When in Japan: Check the weather report. FREQUENTLY.
Unlike in Dubai where the sun shines 330 days year (don’t ask me but I’m guessing 5 days would be random rain days and another 30 would be cloudy with a chance of sunshine later), the weather in Japan especially in June changes every couple of hours or so. Basically, it’s the rainy and storm season in June but even that doesn’t bother me. I miss rain, after all.
But when the rain messes up with your limited travel time, it…gets to you. Especially if you have two young children constantly looking out the window, tugging your clothes and demanding outdoor time.

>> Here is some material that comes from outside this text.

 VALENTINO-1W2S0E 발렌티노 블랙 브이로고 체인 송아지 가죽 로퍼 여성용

We planned to go to the park but it was already raining when we woke up. Pristine never want to give it up and played with the umbrella outside. My friend and I decided we’ll walk to the park – a good 30 minutes walk…maybe the rain will stop. Boo hoo – it’s like she didn’t live in Japan for 18 years already or was just kidding herself. Of course the June rain didn’t stop just for us.

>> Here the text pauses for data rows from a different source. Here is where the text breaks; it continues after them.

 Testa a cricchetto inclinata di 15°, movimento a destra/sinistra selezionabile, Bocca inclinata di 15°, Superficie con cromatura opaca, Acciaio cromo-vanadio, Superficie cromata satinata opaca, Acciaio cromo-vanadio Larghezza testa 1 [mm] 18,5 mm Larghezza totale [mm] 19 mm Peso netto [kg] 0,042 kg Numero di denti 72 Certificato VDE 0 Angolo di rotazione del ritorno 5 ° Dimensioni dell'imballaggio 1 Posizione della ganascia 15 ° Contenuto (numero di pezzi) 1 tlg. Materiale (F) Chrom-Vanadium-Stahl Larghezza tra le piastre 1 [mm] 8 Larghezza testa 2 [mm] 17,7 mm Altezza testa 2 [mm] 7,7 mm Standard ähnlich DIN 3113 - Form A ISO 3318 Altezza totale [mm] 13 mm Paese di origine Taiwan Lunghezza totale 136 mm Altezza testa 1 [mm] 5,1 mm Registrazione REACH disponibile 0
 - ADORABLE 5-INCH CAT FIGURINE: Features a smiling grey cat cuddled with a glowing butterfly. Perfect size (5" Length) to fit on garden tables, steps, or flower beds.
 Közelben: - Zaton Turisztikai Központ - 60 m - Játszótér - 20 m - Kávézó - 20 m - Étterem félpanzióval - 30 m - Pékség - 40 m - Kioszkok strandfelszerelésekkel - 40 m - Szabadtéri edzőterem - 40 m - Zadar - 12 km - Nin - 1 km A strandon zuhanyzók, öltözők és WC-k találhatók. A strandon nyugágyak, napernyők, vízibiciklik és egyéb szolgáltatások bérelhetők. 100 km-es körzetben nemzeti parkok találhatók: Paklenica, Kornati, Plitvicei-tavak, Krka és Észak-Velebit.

The hydrangeas in the park are in full bloom. Benjamin didn’t care that it was raining or that he had no umbrella with him, running around like a horse out of the stable and into the wild!
Regardless of the non-stop rain and the constant whining of Pristine that her slippers are already wet and muddy (duh, that never happens in Dubai so she is freaking out!), we walked around the park to see more of the hydrangeas.
I wish I could’ve taken more pictures but another major realization: you can’t really be busy with your camera while holding a squirmy toddler with your other hand!
After staying in the park for a good one hour and seeing that the rain has no plan of stopping, we headed home but decided to take the bus! I am not going to walk in the rain carrying Benjamin for more than 30 minutes! He was already tired and got cranky at the bus stop, demanding boob time. OMG. There was no other way to appease him so I sat there, took out my breastfeeding cover and you know, got on with the motherly duty!
Meanwhile, Pristine is constantly saying she needs wellies. What is a ‘wellie’?!
“It’s boots mom, in the English you are used to!” Oh, okay then.